## Problem to work on
In your answer, set down the records below exactly as they stand, omitting pictures.

(Dataset items)
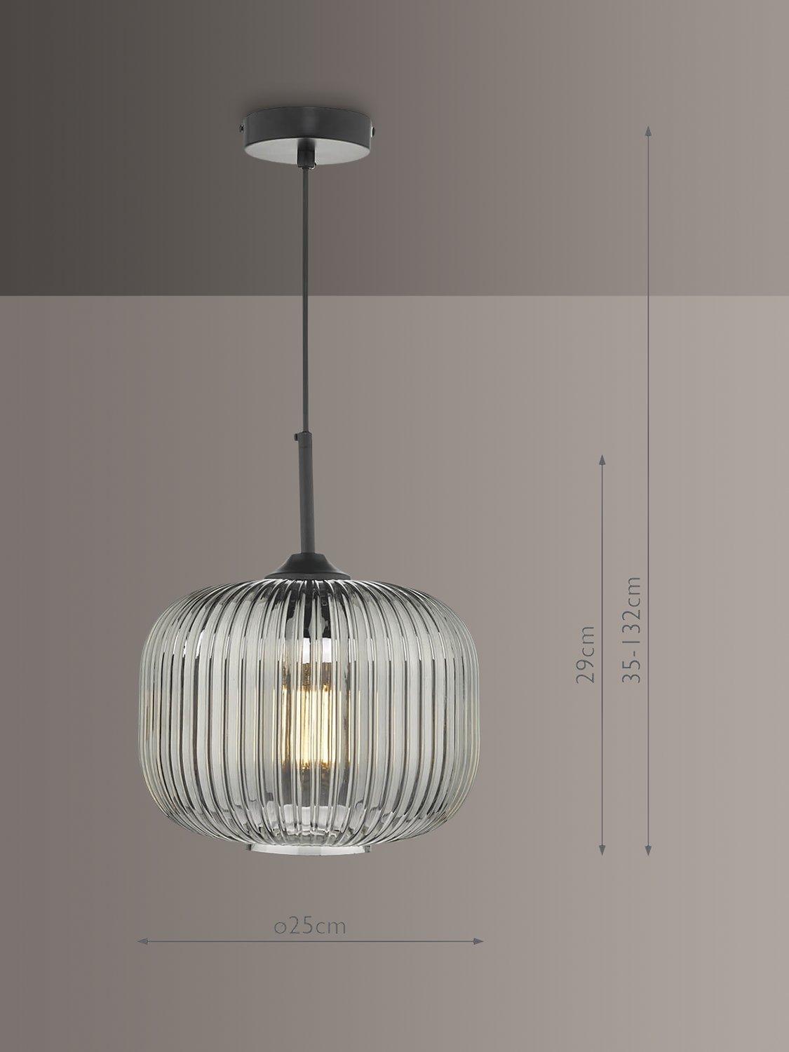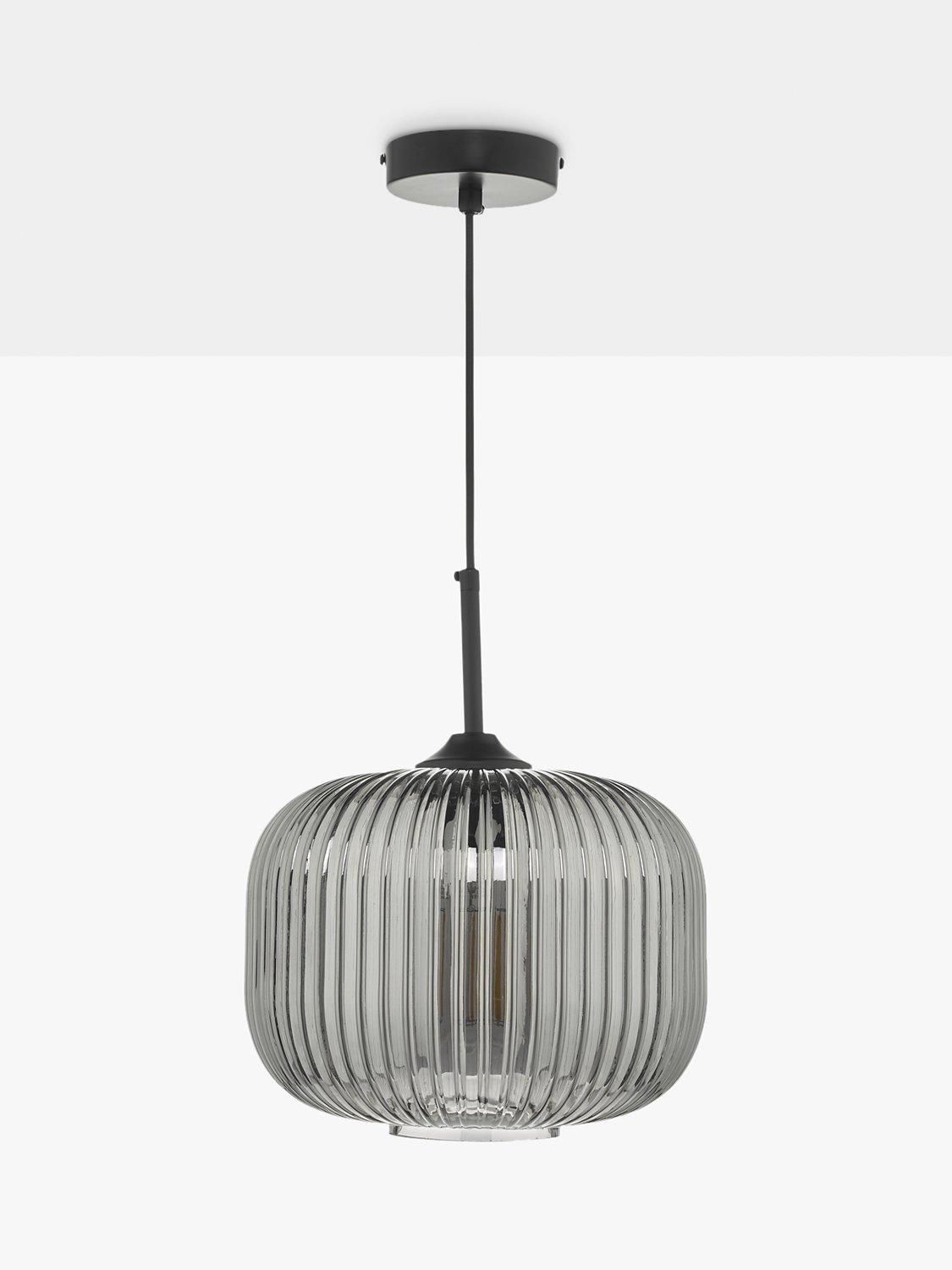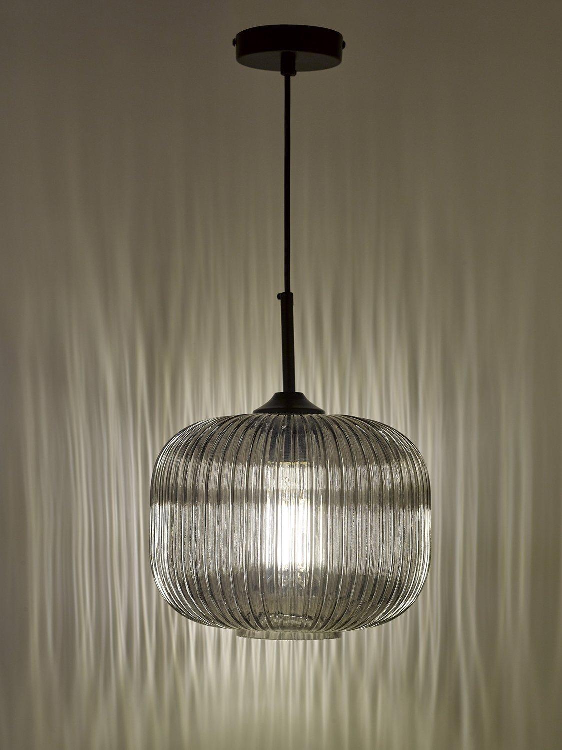 Made from ribbed glass in a smoked finish, this ceiling light has a modern-retro look that will draw the eye in your space. When illuminated, it will create a distinctive pattern of light on nearby walls and enhance a warm glow. Suspended from a height-adjustable braided cable.
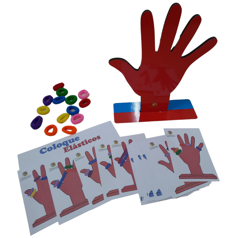 Contém: Uma mão feita em madeira com 2 cores diferentes conforme o lado, elásticos coloridos e cartas modelo.
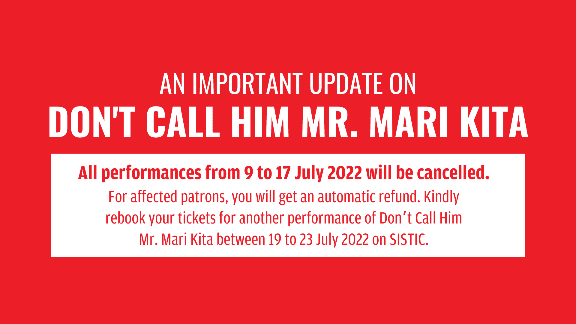For affected patrons, you will get an automatic refund. Kindly rebook your tickets for another performance of Don’t Call Him Mr. Mari Kita between 19 to 23 July 2022 here.
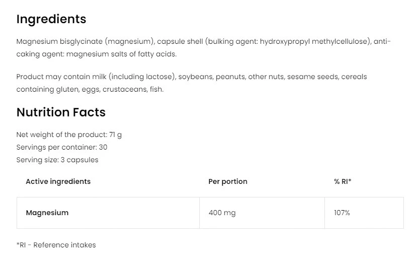 Izdelek vsebuje magnezijev glicinat, pridobljen na naraven način. Ta oblika magnezija je znana po svoji visoki čistosti in kakovosti.
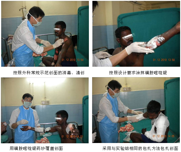 B、對照組(磺胺嘧啶銀組)病例創(chuàng)面的處理操作示范:
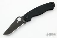 This G81GM4BKP2 Paramilitary 2 by Spyderco features a black tanto blade with thumb hole, notched thumb ramp and choil. The handle is comprised of textured black G10 scales over a stainless steel subframe and lockbar. 4 way adjustable pocket clip and lanyard tube in pommel. Includes original box and paperwork. Excellent condition.
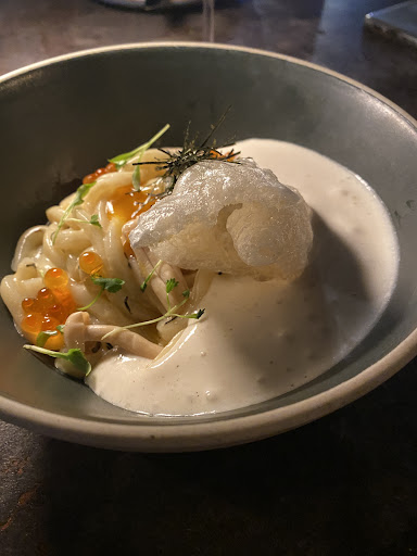 The menu appealed to us prior to visiting because of its interesting blend of Asian and South American fusion. The execution was super. We liked if not loved each and every dish we ordered. Highlights and musts: duck wings. Wow! Meaty, unctuous, flavourful. bone marrow tacos. Wow! Tacos served w a canoe cut, roasted marrow bone. Do a luge after! -Korean short ribs. What a great meal / entree to share! Great portion. drumroll please… UNI UDON CARBONARA! See photo. It’s amazing. (However while the chicharron looks great on it, I’d replace with a more substantial piece of fried portk skin from the belly as these light ones get soft too quickly).

## Solution below
 Made from ribbed glass in a smoked finish, this ceiling light has a modern-retro look that will draw the eye in your space. When illuminated, it will create a distinctive pattern of light on nearby walls and enhance a warm glow. Suspended from a height-adjustable braided cable.
 Contém: Uma mão feita em madeira com 2 cores diferentes conforme o lado, elásticos coloridos e cartas modelo.
For affected patrons, you will get an automatic refund. Kindly rebook your tickets for another performance of Don’t Call Him Mr. Mari Kita between 19 to 23 July 2022 here.
 Izdelek vsebuje magnezijev glicinat, pridobljen na naraven način. Ta oblika magnezija je znana po svoji visoki čistosti in kakovosti.
 B、對照組(磺胺嘧啶銀組)病例創(chuàng)面的處理操作示范:
 This G81GM4BKP2 Paramilitary 2 by Spyderco features a black tanto blade with thumb hole, notched thumb ramp and choil. The handle is comprised of textured black G10 scales over a stainless steel subframe and lockbar. 4 way adjustable pocket clip and lanyard tube in pommel. Includes original box and paperwork. Excellent condition.
 The menu appealed to us prior to visiting because of its interesting blend of Asian and South American fusion. The execution was super. We liked if not loved each and every dish we ordered. Highlights and musts: duck wings. Wow! Meaty, unctuous, flavourful. bone marrow tacos. Wow! Tacos served w a canoe cut, roasted marrow bone. Do a luge after! -Korean short ribs. What a great meal / entree to share! Great portion. drumroll please… UNI UDON CARBONARA! See photo. It’s amazing. (However while the chicharron looks great on it, I’d replace with a more substantial piece of fried portk skin from the belly as these light ones get soft too quickly).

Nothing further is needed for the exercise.